THE MAN SKIRT STRIKES AGAIN
In my last column about the men’s fashion flex overtaking the red carpet, I mentioned Oscar Isaac turning up at a Moon Night premiere in a Thom Browne grey flannel blazer and matching pleated skirt (the actor also wore a Browne trompe l’oeil tuxedo with matching black skirt at the Met Gala), as well as Brad Pitt’s recently foray into the wilder shores of male style in his recent GQ cover layout (ha, maybe magazines aren’t dead!).

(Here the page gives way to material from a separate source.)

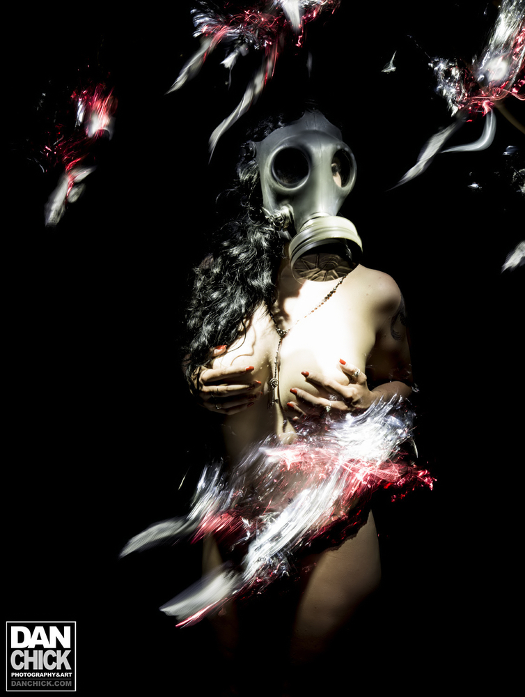 This shot was done in four separate lighting moments within a single exposure.  Theresa and I were not exposed within the image together simultaneously, each of us were lit independently by the other.

Well, Pitt raised the stakes with his Bullet Train European press tour when he wore a succession of unstructured linen looks that culminated in his stop in Berlin where he varied the jacket-shirt-pants formula by wearing a knee-length brown linen skirt instead (accessorized with combat boots, a rhinoceros tattoo on his shin and a gold David Yurman signet ring). I’m told his team reached out directly to little-known designer Haans Nicholas Mott for the succession of custom fits he featured. Queried about why he made that choice, the ever-chill Pitt explained simply, “The breeze, the breeze.”
U.N.: THE NEW RED CARPET?
I was a little surprised to get an email dispatch from the House of Dior that Prince Harry donned a suit by men’s designer Kim Jones when he addressed the United Nations General Assembly in New York this week on Nelson Mandela International Day this week: Prince Harry Duke of Sussex wore a Dior men’s collection navy wool peak lapel suit. These press releases are business-as-usual for award shows and other appearances by celebrities — especially if they are paid ambassadors for a fashion house — but clothing worn by royalty doesn’t usually get the same kind of attention.